GTS itself is not a database or query engine — these exports hand the graph off to a transform target for random-access query. RDF/data-frame integration details, including rdflib round-trip limits and performance expectations, are tracked in docs/GTS-ECOSYSTEM-INTEGRATIONS.md.

Example: grounded agent memory

The gts.examples.agent_memory module shows how to build a tiny claim store on top of GTS: every claim is a reified RDF 1.2 statement with confidence, standpoint, source, and timestamp; revision is supersession, never deletion; the file is always a valid, gts verify-able package.

pip install gmeow-gts
python -m gts.examples.agent_memory
from gts.examples.agent_memory import Memory

mem = Memory("assistant.gts")
mem.store(
    "Patrick prefers explicit error handling over exceptions-as-flow",
    source="conversation 2026-06-10",
    confidence=0.8,
    according_to="claude-fable-5",
)
print([c.text for c in mem.recall("error handling")])

Agent memory is one application of GTS, not the frame for the format. The same append-only, content-addressed substrate also supports archives, evidence chains, local-first graph synchronization, ontology distribution, and graph database interchange.

Verifying the build

Wheels and sdists for gmeow-gts are built in GitHub Actions and signed with GitHub artifact attestations.
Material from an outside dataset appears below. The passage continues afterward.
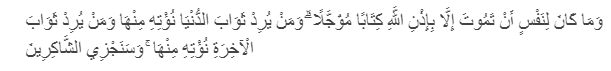 Wa m? k?na linafsin an tam?ta ill? bi`i?nill?hi kit?bam mu`ajjal?, wa may yurid ?aw?bad-dun-y? nu`tih? min-h?, wa may yurid ?aw?bal-?khirati nu`tih? min-h?, wa sanajzisy-sy?kir?n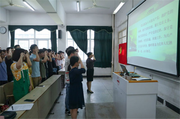 奋进新时代,开启新征程。为了让全体毕业生党员重温入党宣誓时的庄严承诺和坚定决心,在党旗下接受心灵的净化和洗礼,以更加饱满的热情投身各自工作,各院级党组织纷纷组织了重温入党誓词的活动。面对火红的党旗,毕业生党员佩戴党徽,举起右手、握紧拳头,庄严宣誓。在党旗下所立下的誓言,让大家热血沸腾,充满理想,感召大家努力实践,自觉奉献。传媒学院毕业生党员余康生说,在即将离开学校之际,还是很不舍学校的各个地方,在接下来的时间,继续坚持认真学习和生活,始终牢记入党誓词,充分发挥先锋模范作用。

After downloading a package from PyPI, verify it with:

gh attestation verify <path-to-wheel-or-sdist> --repo Blackcat-Informatics/gmeow-gts

An SPDX SBOM is also generated for each release and attached as a workflow artifact.

Contributing & security

Issues and pull requests are welcome — see CONTRIBUTING.md and the CODE_OF_CONDUCT.md. To report a vulnerability, follow SECURITY.md (do not open a public issue). The normative wire-format specification lives in docs/GTS-SPEC.md.

License

Triple-licensed: MIT OR Apache-2.0 OR proprietary — use under MIT or Apache-2.0 at your option; a proprietary license is also available (see LICENSING.md). © Blackcat Informatics® Inc.